The greatest changes in the city's common landscape are not caused by real estate agents, the destruction of historic buildings or the construction of beautiful or disastrous skyscrapers. Major changes are instead caused by nature, demonstrating the fragility of our icons. Sandy, and now Jonas, come to reveal how vulnerable our imaginary is.
In the case of the winter storm Jonas, the first one to affect the East Coast metropolis this season, people are not having a very good time. The cold is tough but it also brings about a calm vision once the storm is over.
When we got Montse Zamorano's images from the day after the storm, we asked her about her first impressions, but above all about the typical silence that lays over everything after the storm.

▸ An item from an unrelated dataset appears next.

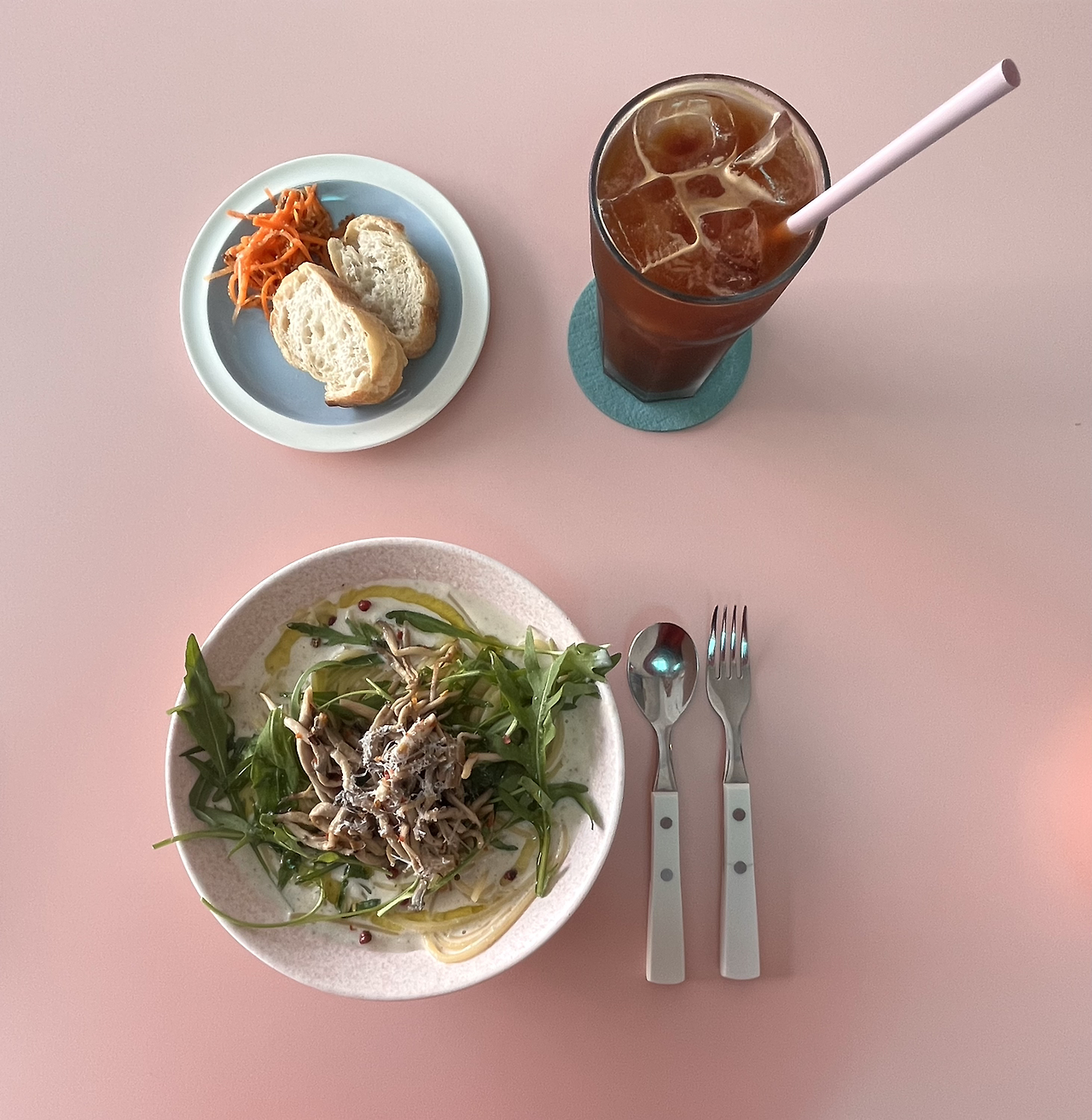 그렇게 주문한 음식은 버섯크림파스타와 아메리카노입니다. 남은 소스에 찍어 먹을 수 있는 바게트 두 조각과 당근라페도 곁들여 나왔습니다. 그 상차림을 보자마자 기분이 말랑말랑해지며 입맛이 화사하게 돌아 문득 “아, 색깔을 즐기는 음식도 있구나”하고 생각했습니다. 고작 한 사람을 위해 준비된 식탁에 무척이나 여러 가지 색이 있었습니다. 분홍색 테이블, 뽀얀 크림, 옅은 갈색의 버섯, 싱싱한 초록빛 루꼴라, 노랗게 발하는 파스타면, 주황색 당근라페, 따뜻하게 익은 노란빛 바게트... 그리고 그 음식들을 담은 알록달록한 무늬와 빛깔의 그릇과 코스터까지. 마치 소꿉장난을 하는 것처럼 정겨운 정취와 애교가 느껴졌습니다.

In a city like New York discovering that you can listen to the silence is always a surprise:
It's strange not to hear noise in New York. However, on Saturday Jonas silenced the bustle of the city, the shouting in the streets, the sound of cars and sirens, only the blizzard was heard instead.
Excited about the first snowfall this season, we decided to go to Central Park. Once on the street, snow came from all directions. Gusts of wind blew up the snow and made it complicated to see and walk. I had my camera with me but didn't take it out in case it would get damaged, so I took all the photos with my phone.
The town was half empty and we only met a shopkeeper removing the snow in front of his store, a couple of taxis or a delivery man moving around very slowly and, surprisingly, several runners training in shorts. Meanwhile, snow was piling up on the sidewalks and in the streets. At 2:30 p.m. all travel was banned except for emergency vehicles and soon after all the shops were closed.
The day after was completely different. It was sunny and groups of friends and entire families carrying sleds and mats could be seen in the streets on their way to Central Park. People threw themselves down the slopes of the park, made snowmen or even went cross-country skiing and snowshoeing. The cars run along the main streets and some sidewalks had been cleared, but side streets were still full of snow, which had turned from white to gray.
Jonas is over now and has left a city full of snow and ice that will take weeks to disappear from the sidewalks. Meanwhile, the continuous bustle of people, beeping of cars and the sound of sirens are back.
Montse Zamorano
Montse's photographs let us discover a different, unpolluted and clean Manhattan, covered by a white mantle it becomes a pristine metaphor of itself. The images of a utopian purity for Manhattan are nothing but another delirious vision of Manhattan, transcribed by Montse Zamorano's exceptional pictures.